Deregulation of fares allowed market experimentation to discover how better to serve airline passengers. Airfares fell dramatically, which seems necessarily to be an obvious benefit for consumers. But we know this fall in airfares to be a benefit to consumers only because it happened in a more-competitive market. Obviously, consumers would love to pay the lower fares while still having more legroom, more direct flights, and full meals with free booze in coach class served by attractive and charming flight attendants.

Competition Takes Place on Many Different Margins

These nice amenities aren’t free, however. They must be paid for. If the flying public had valued those regulation-era amenities enough to continue paying regulation-era airfares, airlines would have been happy to continue to supply those amenities at those high fares. But the public spoke with its purse: competition revealed that most air passengers prefer to pay lower prices, even if doing so means fewer amenities, than to pay higher prices in exchange for the many amenities. (The relatively few customers with different preferences choose to upgrade to seats in ‘economy plus’ or in first class.)

Flying today is much less costly, in real terms, than it was before airlines were deregulated. (And, by the way, deregulation did nothing to slow the improvement in airline safety.) As such, the commercial-aviation experience today — unlike when I was a boy and young man — is commonplace and hardly luxurious (adjusting for the reality that, nevertheless, when in an airplane you are flying through the air while seated in a chair, an experience that everyone before the twentieth century would have regarded as miraculous). Even for a working-class American family today, going to the airport simply to behold a relative boarding an airplane is as unimaginable as going to a local bus stop simply to behold that same relative boarding a bus.

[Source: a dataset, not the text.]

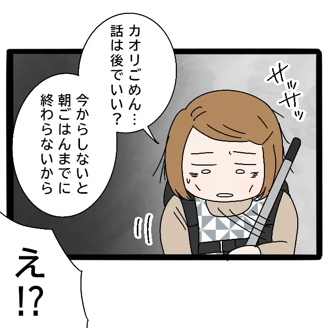 すると、「カオリごめん・・話は後でいい?今からしないと朝ごはんまでに終わらないから」手にほうきを持って掃除しながらそう言う先輩に、「え!?」と思わず大きな声が出てしまった私は、

Too Few Consumers Felt the Discount Spirit

It’s worth noting that competition also reveals the limits to consumers’ tolerance for sacrificing amenities for lower fares. Spirit Airlines’ business model was to eliminate as many as possible ‘free’ amenities, stripping the base ticket price down and charging separately for virtually everything else, including carry-on bags, seat selection, snacks, even water. Spirit also offered infamously little legroom.

Because ‘optimal’ market outcomes cannot be divined in the abstract — because these outcomes can only be discovered through competitive market processes in which entrepreneurs are free to experiment — it was a good idea to run this experiment. As it happens, though, too few consumers were willing to pay even low fares for that level of minimal amenities. Spirit was on the verge of bankruptcy well before the price of aviation fuel was sent soaring by the war in Iran, which is why JetBlue in 2022 offered to merge with Spirit – a move that would have enabled JetBlue to obtain Spirit’s equipment and landing slots.

In a monumental feat of economic ignorance, the Biden administration sued to block the merger on the grounds that it would reduce competition and raise fares. Spirit has now gone forever to the economic spirit world.

Bird’s Eye View

Here’s the view from 30,000 feet. When producers are allowed to compete on all margins, including price, they discover the optimal mix of prices and amenities that best satisfy their customers. When governments obstruct that competition, it gets redirected into changing the quality of goods and services such that the resulting price-quality mixes are less desirable than would be the mixes that emerge without government intervention.

After airlines were deregulated almost 50 years ago, consumers revealed that they wanted lower prices with less quality. And by more recently rejecting the bare service offered by Spirit Airlines, consumers revealed that quality can be so low that even very low prices are insufficient compensation to put up with such low quality. These results emerged from competitive market processes and deserve respect. But alas, just as airline regulation forced American air passengers to buy what they would have preferred not to buy, the government’s continuing itch to override market processes will oblige consumers in the future — whenever such interventions occur — to suffer worse economic outcomes.